Mohler et al. (2003) reported that mice heterozygous for a null mutation in ankyrin-B were haploinsufficient and displayed arrhythmia similar to humans. Analysis of ECGs and heart rates of unrestrained animals using implanted radiotransmitter electrodes revealed significant similarities in cardiac phenotype between humans with LQT4 and AnkB +/- mice. AnkB +/- mice displayed bradycardia, heart rate variability, and sudden cardiac death. The mutation in ankyrin-B resulted in disruption in the cellular organization of the sodium pump, the sodium/calcium exchanger, and inositol-1,4,5-triphosphate receptors (all ankyrin-B-binding proteins), which reduced the targeting of these proteins to the transverse tubules as well as reducing overall protein level. Ankyrin-B mutation also led to altered calcium ion signaling in adult cardiomyocytes that resulted in extrasystoles, and provided a rationale for the arrhythmia. Thus, Mohler et al. (2003) identified a novel mechanism for cardiac arrhythmia due to abnormal coordination of multiple functionally related ion channels and transporters.
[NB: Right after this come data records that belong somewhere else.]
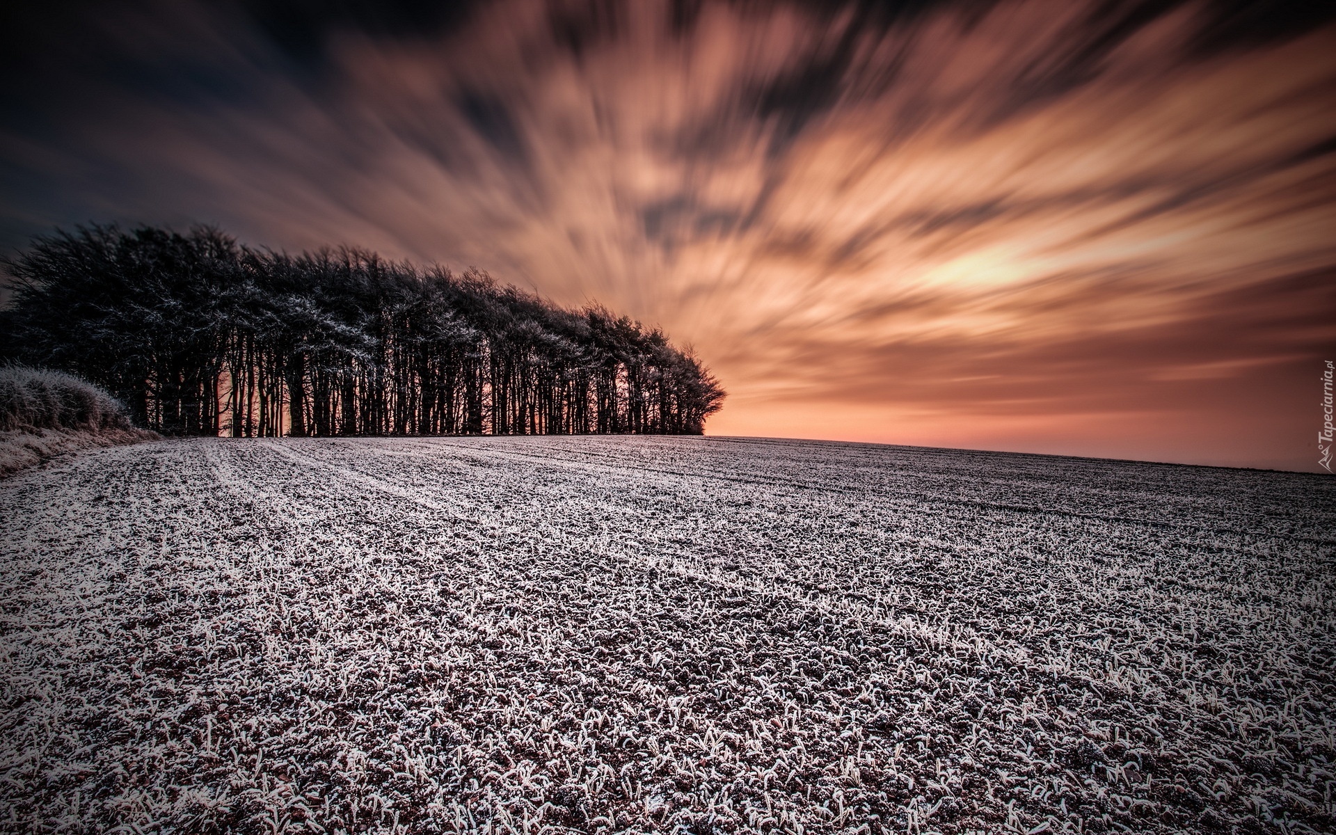 Edytor tapety: Zachód, Słońca, Las, Zima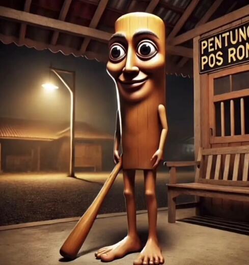 통나무 몸통에 토마스 기관차를 연상시키는 얼굴, 그리고 야구 방망이를 든 모습이 인상적인 캐릭터입니다.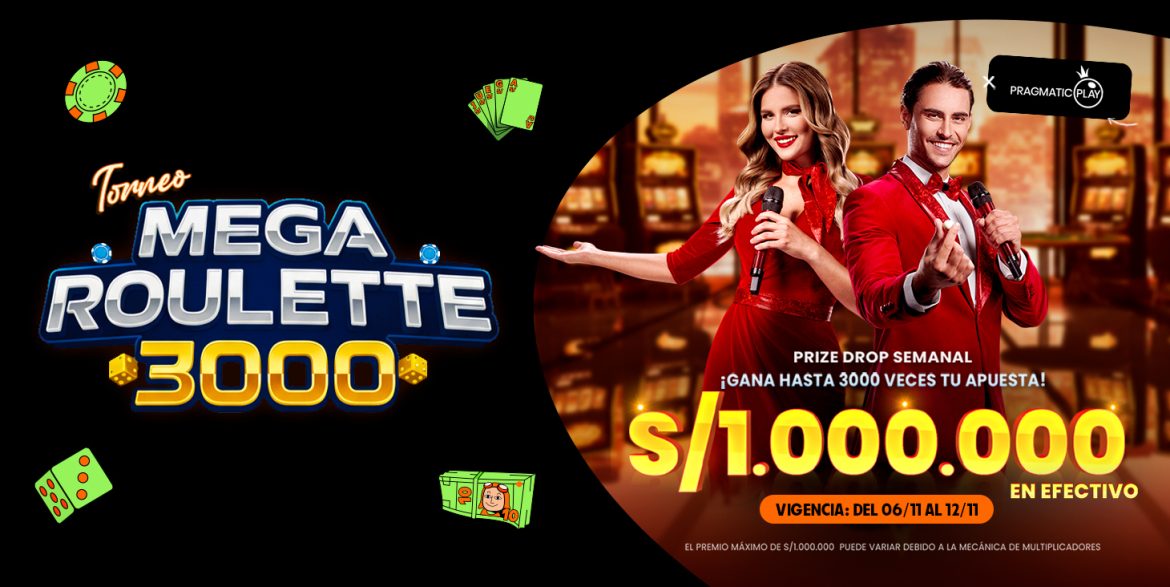 El Torneo Mega Roulette 3000 cuenta con un pozo total de S/.1,000,000 en premios, dividido en multiplicadores y/o prize drops.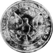 By 1830, the first Senate seal was either unserviceable due to wear or simply lost after a period of not being used. A new seal was commissioned from Robert G. Lanphier, Jr., a French artist, engraver and jeweler living in Washington D.C. at the time.[1] The press and counterseal were made by Edward Stabler, the postmaster at Sandy Spring, Maryland from 1830 until his death in 1883. Stabler had engraved the seal for the House of Representatives in 1830, and also would later make the seals for most federal government departments of the time, some states, and several municipalities.[2]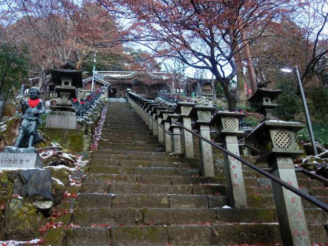 ケーブル口から15分ほど、駅のすぐ先に男坂と女坂の分岐があります。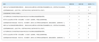 題目答題錯誤率分析,根據成績結果重點培訓學習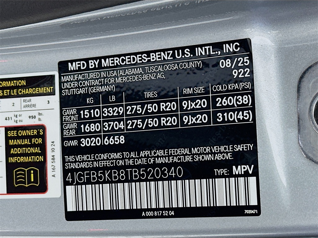 - VIN : 4JGFB5KB8TB520340
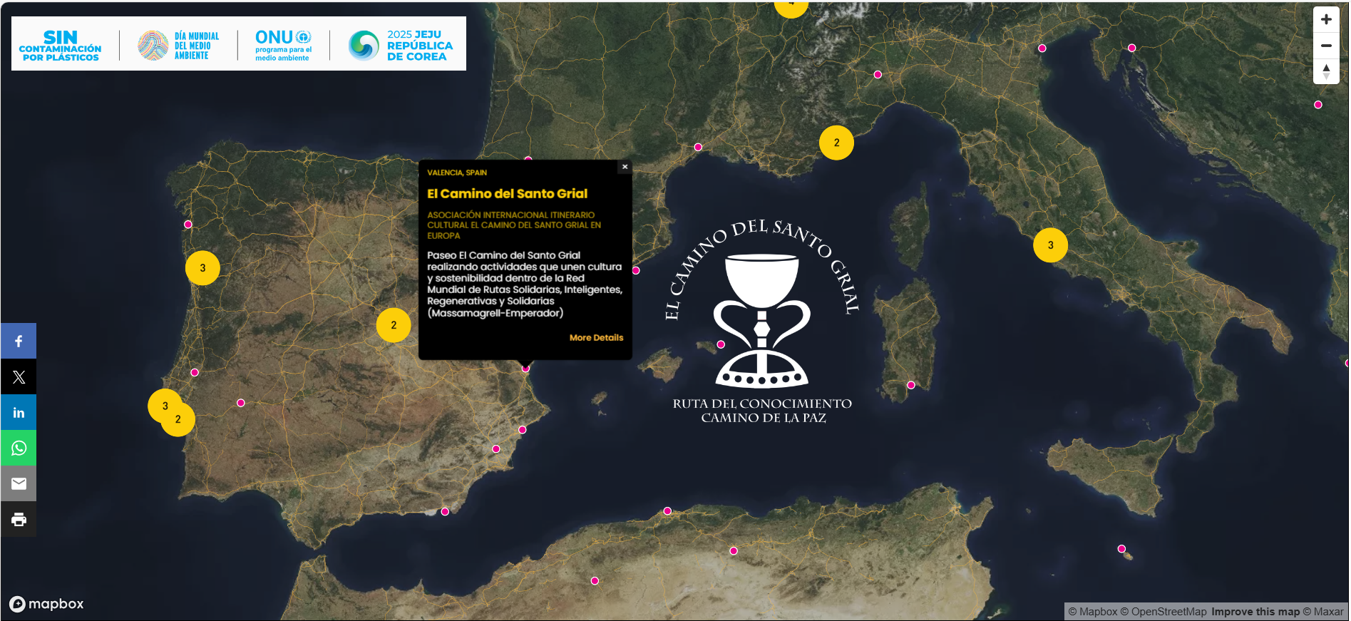 El 5 de junio de 2025, con motivo del Día Mundial del Medio Ambiente, El Camino del Santo Grial, Ruta del Conocimiento, camino de la Paz Itinerario Cultural en proceso de certificación por el Consejo de Europa, miembro fundador de la Red Mundial de Rutas Solidarias, Inteligentes, Regenerativas y Circulares organiza una caminata simbólica y educativa en Valencia. Natalia Castro, doctoranda industrial en turismo regenerativo y desarrollo local, explicará la plataforma Viajeros Solidarios y los estudios que está llevando a cabo en el Observatorio de Impacto Local RESITUR.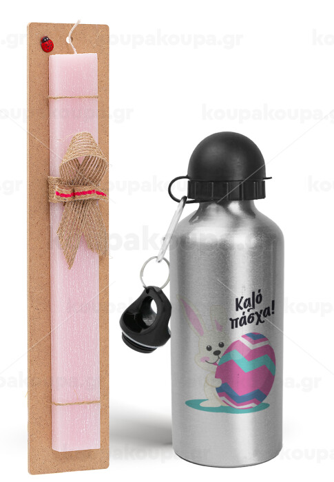Καλό πάσχα, Easter Set, metallic Silver aluminum water bottle (500ml) & scented flat Easter candle (30cm) (PINK)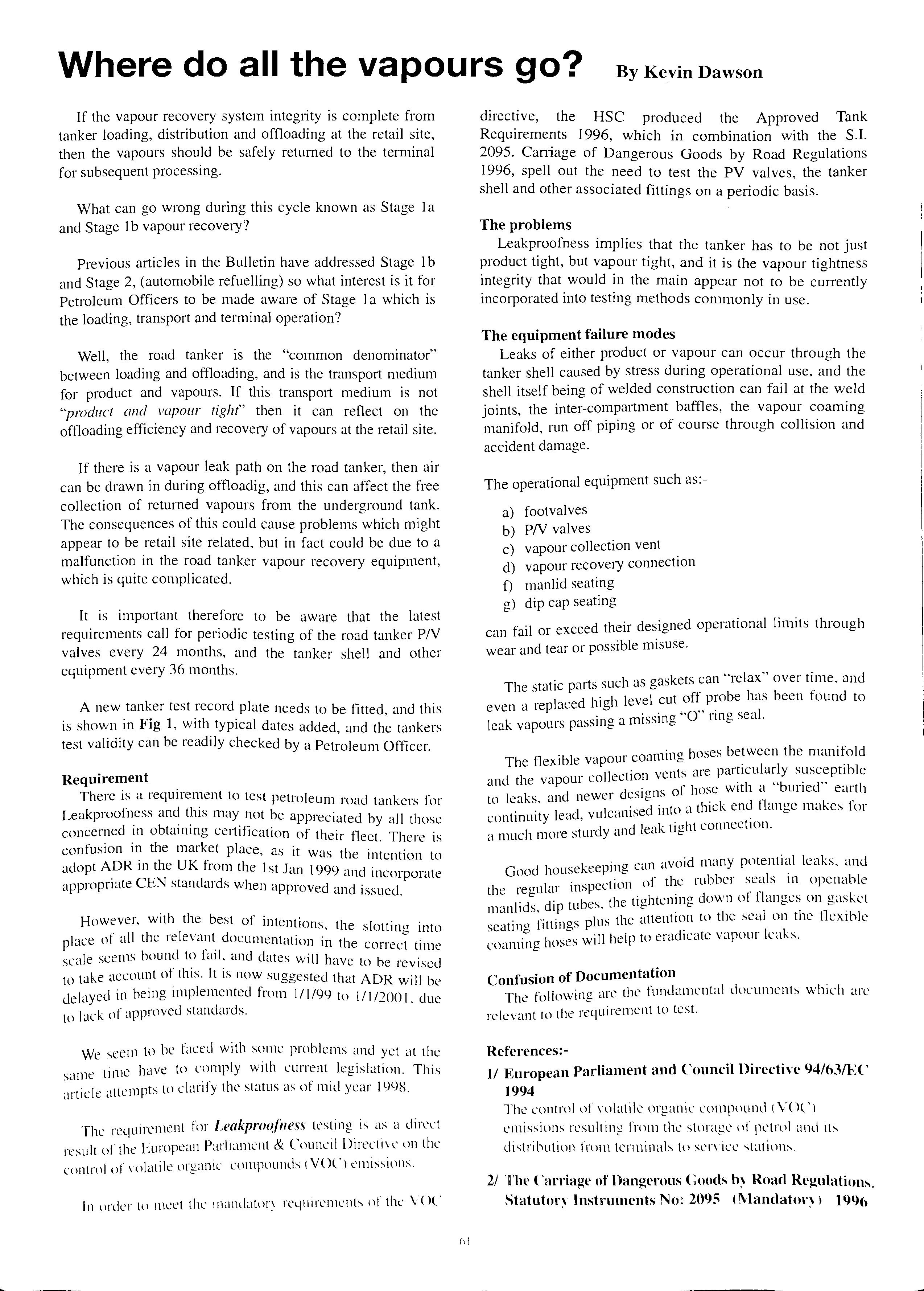 fitted on removabl e internal fill pipes, poor installation of internal fill pipes , to non vapour tight overfill prevention devices and even holes in th e wall of the internal fi ll pipes.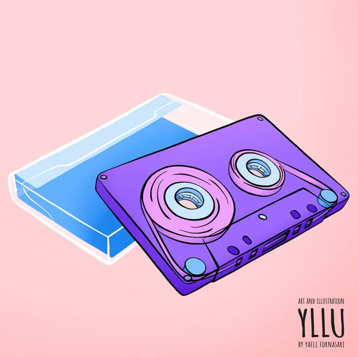 Drie illustraties voor buttons, gebaseerd op de vaporwave esthetiek.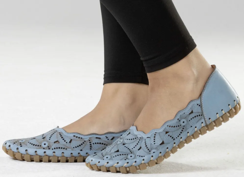 ELENA EDEN Ballerina mit interessanter Prägung in Jeans und in Größe 41.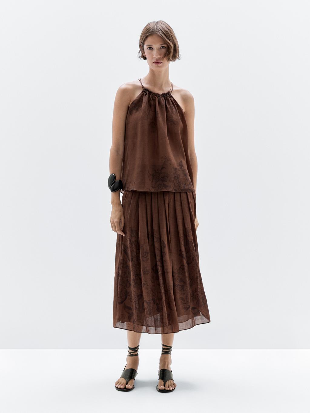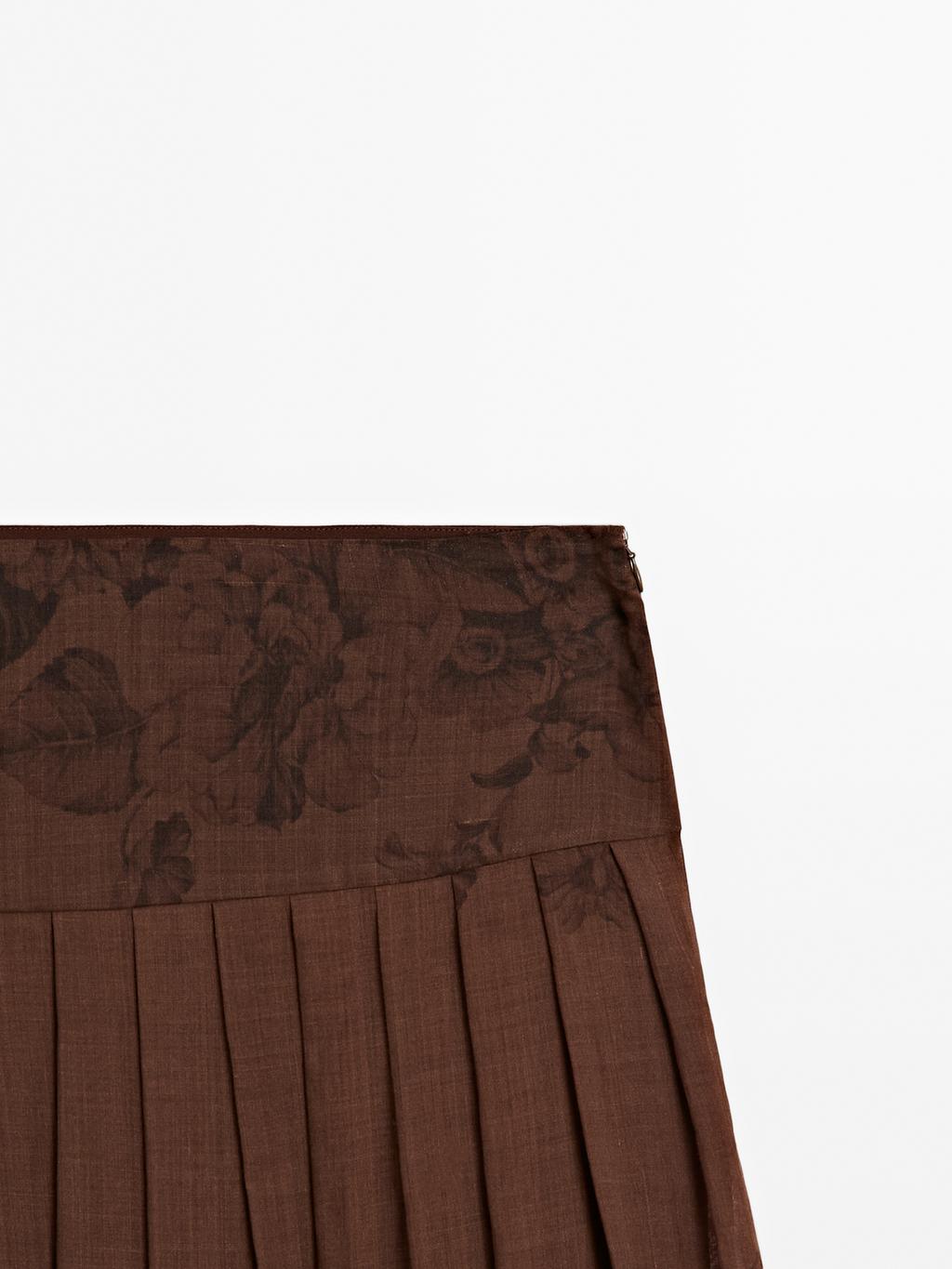 Midi skirt with box pleat detail . Side zip fastening. Skirt with yoke. Floral print detail .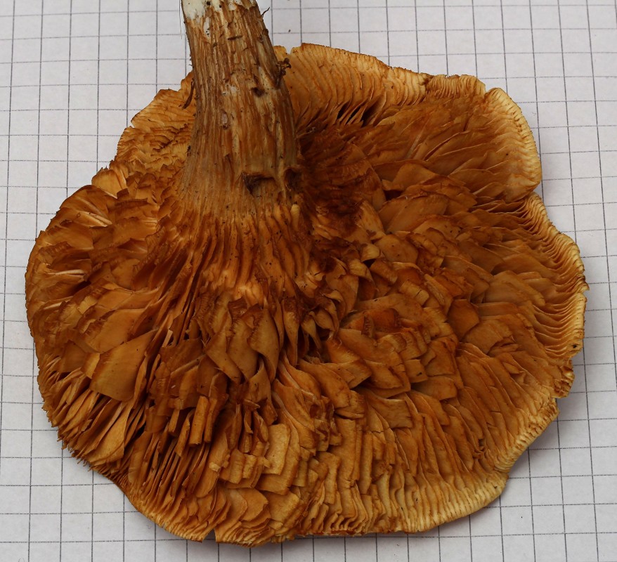 Lamellen: orange, sehr hoch, Zwischenlamellen, Lamellen sind eingerissen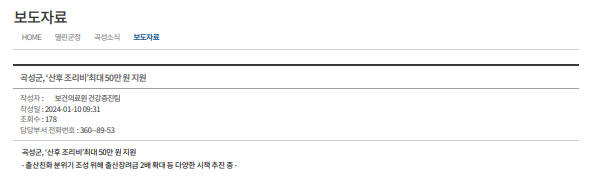 읽어주셔서 감사합니다. 곡성군과 함께 행복한 출산과 산후 회복을 경험하세요.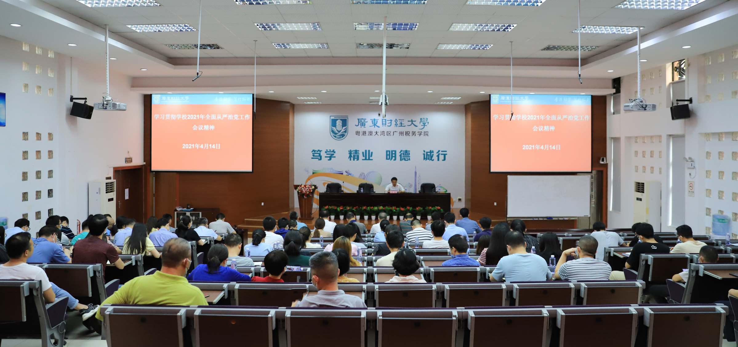 4月14日下午,佛山校区党委召开全面从严治党专题会议,校区全体教工党员参加会议,会议由佛山校区党委副书记钟智主持。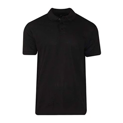 New Mens Polo Shirt Cotton Short Sleeves Pique Casual Work Plain Top T SI120 (Black, XXL)

Genotype/Phenotype Correlations

In transfection assays in neonatal mouse cardiomyocytes, Mohler et al. (2007) found that disease-associated human ANK2 mutations caused a range of in vitro phenotypes, with those variants demonstrating the most severe loss of function correlating with the most severe human phenotype. They identified 3 distinct functional classes of ANK2 loss-of-function variants.